The researchers selected 27 3km x 3km squares within an urban environment in Belgium, divided equally into 3 separate levels of urbanisation, with the highest all being located in city centres. 3 smaller (200m x 200m) plots (one in each urbanisation category) were then found within each larger plot. So for instance, within a plot that had a high level of urbanisation, the researchers would find a smaller plot that had lower levels of urbanisation, and one at each of the two other levels as well. This left them with a total of 27 large (landscape) plots and 81 smaller (local) plots.

Seven different types of terrestrial (uncluding beetles, butterflies, snails and moths) and aquatic invertebrates (rotifers and cladocerans) were then collected at various time periods over 2013 and 2014. A variety of different variables, incoporating different interpretations of species richness based on different scales, were then calculated.

What They Found

Whilst on a local level, increasing urbanisation showed a negative impact on every terrestrial invertebrate group, when species richness was considered on a landscape level, these trends often disappeared. Even for species groups like the butterflies, which showed clear reactions to urbanisation at a local level (even when just looking at those local plots within landscape plots of a certain urbanisation level), did not seem to react to changes at a landscape level.

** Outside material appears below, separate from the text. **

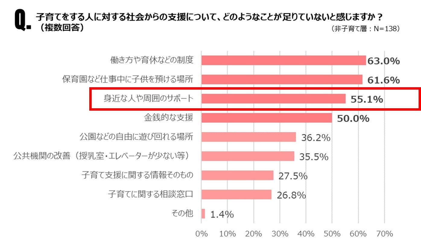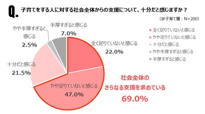 非子育て層に対し『子育てをする人に対する社会全体からの支援について、十分だと感じますか?』と聞いたところ、子育て経験のない人でも69.0%が“さらなる社会全体の支援”を求めていることがわかりました。

heidelberg-neckar-city-old-bridge-wallpaper-preview

This river in Heidelberg, Germany might look like it’s surrounded by greenery, but the urban structures mixed in can drastically affect things like habitat connectivity and water nutrient levels (Image Credit: PeakPx, CC0 1.0)

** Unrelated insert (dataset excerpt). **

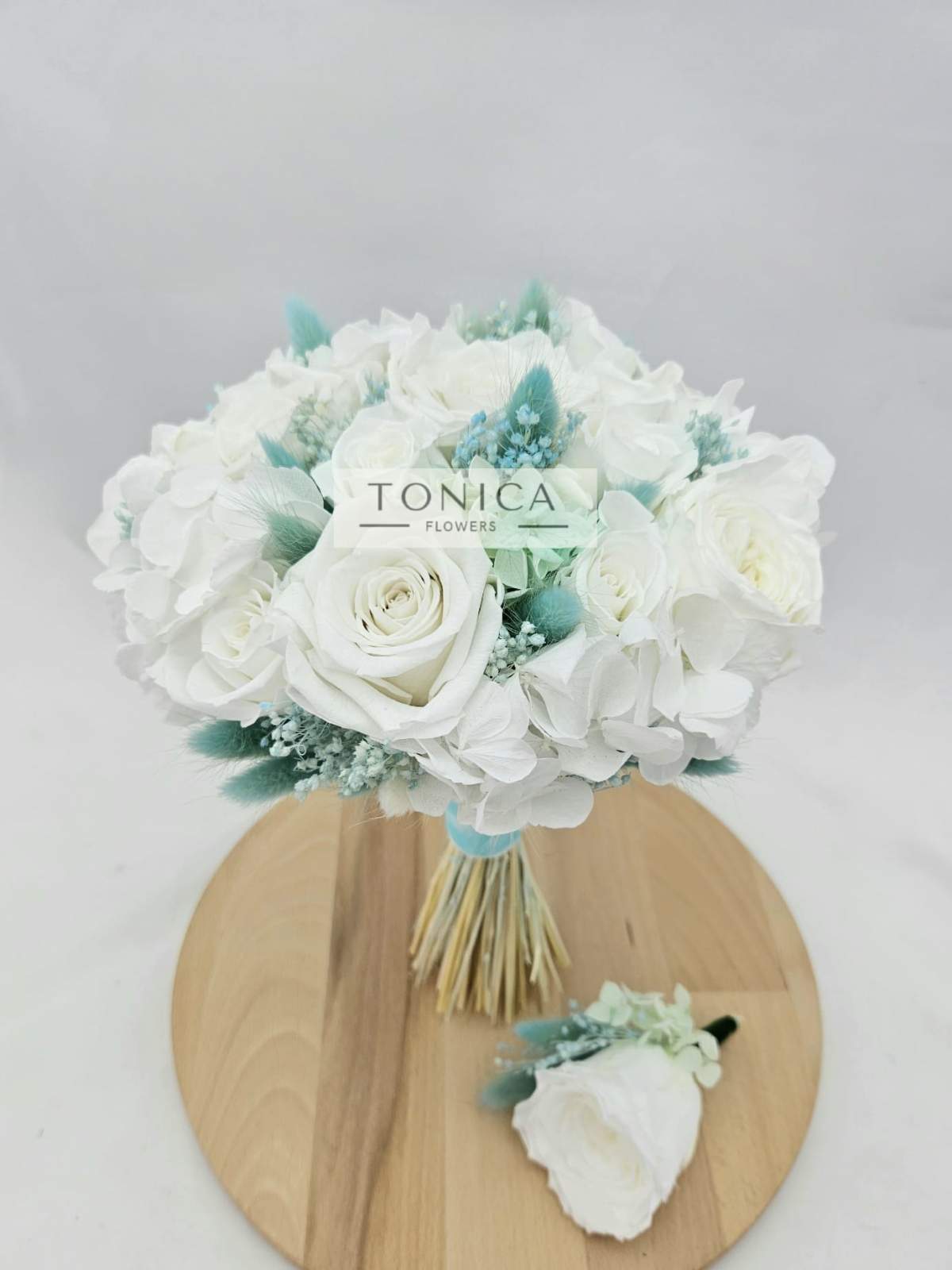 Buchet realizat din flori naturale criogenate si flori naturale uscate/stabilizate.

Additionally, different species richness variables could show markedly different trends. Increase in species richness at landscape levels was often not related to increases at a local level. And whilst nearly all species groups showed negative reactions to urbanisation, it depended on which scale metric was used.

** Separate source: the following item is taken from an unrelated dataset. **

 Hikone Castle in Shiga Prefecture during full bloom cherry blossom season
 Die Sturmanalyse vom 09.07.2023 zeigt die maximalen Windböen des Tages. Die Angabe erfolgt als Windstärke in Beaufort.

Did You Know: Urbanisation and Freshwater

This study also looked at freshwater species, and although it didn’t show an effect on their health, past studies have shown that an increase in urbanisation can often affect freshwater quality negatively. Soil provides a natural filter for water, so when water enters a river or lake in a more pristine environment it is often filtered of nutrients and vitamins. Yet when water empties directly from the atmosphere into a freshwater body through for example a stormwater drain, it doesn’t pass through soil and can thus cause a higher influx of nutrients and minerals than the local ecosystem is used to, potentially leading to eutrophication.

Problems?

Urbanisation here used a very strict metric – it referred almost exclusively to buildings. Roads, car parks, dams – all of these are also urban structures which are capable of affecting local species. However, incorporating more structures into our urbanisation metric here may lead to massive differences in the make-up of the plots. That may make results a lot more difficult to interpret.

So What?

Conservationists have some tough decisions going ahead. At the recent British Ecological Society Annual Meeting, Jonathan Chanse gave a plenary talk which focussed a lot on our perception of scale and what it will mean for managers. If we know that whilst some species disappear locally, they will still remain on a larger scale, does that affect our attitude to conservation?

This study doesn’t answer that question, but it definitely shows us that if we believe that urbanisation might not affect local ecosystems, we had better have tested out all possible scales and species groups before we act on that belief.